AIA Innovation Awards honor cutting-edge green-building solutions

Two pioneering projects are recognized with the AIA’s 2020 Innovation Awards: the Catalyst Building in Spokane, Washington, a mass-timber, zero-energy, zero-carbon project designed by Michael Green Architecture and Katerra, won within the Holistic Design category; BHoM Life Cycle Assessment Toolkit, an open-source software tool developed by Buro Happold to live embodied carbon within building design, triumphed within the Development of Design or Design-Thinking category.

Catalyst Building in Spokane, Washington
Design Architect: MGA | Michael Green Architecture
Architect of Record: Katerra

Project summary: “Born of close collaboration and a group of shared values, Spokane’s Catalyst Building may be a testament to the very fact that wood buildings can meet and exceed the performance of their steel and concrete counterpoints. Composed of quite 4,000 cubic meters of cross-laminated timber and glulam products, it’s expected to be one among the most important buildings in North America to realize Zero Energy and 0 Carbon certifications from the International Living Future Institute.”

The Catalyst Building. Photo: Benjamin Benschneider.

 

“The team employed variety of mass timber solutions where steel, concrete, or framed systems would be traditionally called upon. The resulting 165,000-square-foot, five-story, high-performing building was delivered for fewer than $250 per sq ft . Perhaps more importantly, a life cycle assessment has demonstrated that the timber’s carbon storage almost completely offsets the carbon impact generated by construction. […] The innovative use of timber within the primary structure, lateral shear walls, and exterior walls required the planning and build teams to collaborate closely to develop smart construction and installation solutions, chief among them prefabricated systems. the outside walls were partially prefabricated off-site to permit for faster dry-in times and to scale back exterior trade coordination. Similarly, the ribbed floor panels and slat walls found within the lobby were also prefabricated in an attempt to scale back field labor.”

 

 

The Catalyst Building. Photo: Benjamin Benschneider.

 

“A number of passive strategies were employed for the building, including rainwater capture, envelope design supported the Passive House Standard principles, and sturdy material application with a design anticipation of 75 years. it’s also topped with a big solar photovoltaic array which will generate upward of 300,000 kilowatt-hours per annum . Adjacent to the Catalyst Building, the Scott Morris Centre for Energy Innovation houses the centralized heating, cooling, and electrical systems for the Innovation District. this technique includes solar panels, battery, and thermal storage, and is managed through a sensible grid that permits for real-time, automated energy management, leading to lower energy consumption and expense.” ~ Click here to read more about this project.

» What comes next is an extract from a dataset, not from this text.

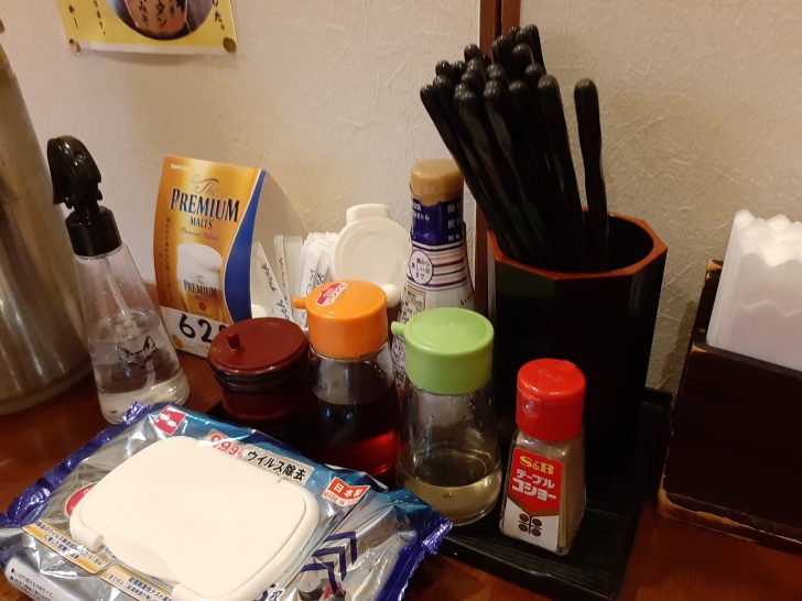 卓上調味料は、醤油、胡麻、唐辛子、ラー油、酢、胡椒ですね。更にコロナ感染防止用に消毒用アルコールやウエットティッシュが置いてありました。

BHoM Life Cycle Assessment Toolkit
Architect: Buro Happold

 

BHoM Life Cycle Assessment Toolkit. Image: Buro Happold.

 

“Buro Happold launched BHoM as a knowledge exchange network in 2016, seeking to create a stable framework for the code generated by architects and engineers across the planet . Its initial goals were to make how to share that code across the various platforms designers use a day leading to quite 60 adapters for various software and toolkits. Buro Happold released BHoM to the whole profession in 2018 and has continued to refine it further by collaborating with other open-source projects. Since then, the amount of code contributors from both inside and out of doors the firm stands at 87.”

 

The House at Cornell Tech was one of the first projects to use the full functionality of the toolkit to push additional development. Photo: Iwan Baan.

 

 

BHoM Life Cycle Assessment Toolkit. Image: Buro Happold.

 

“Free access to the tool allows users to require embodied carbon measurements at any point within the design process, facilitating better material selection. It leverages the many experience of Buro Happold’s sustainability, structures, and MEP teams to incorporate a full suite of datasets and environmental impact calculation methods. By opening it up to the whole profession, Buro Happold hopes to still improve its methods supported the input it receives.” ~ Click here to read more about the project.

The award jury included Violet Whitney, Chair, SideWalk Labs, New York, NY; Chris Giattina, BLOX, Bessemer, AL; William Zahner, Hon. AIA, A Zahner Company, Kansas City, MS; Yanel deAngel, AIA, Perkins+Will, Boston, MA; and Charlie Williams, AIA, LPA, Irvine, CA.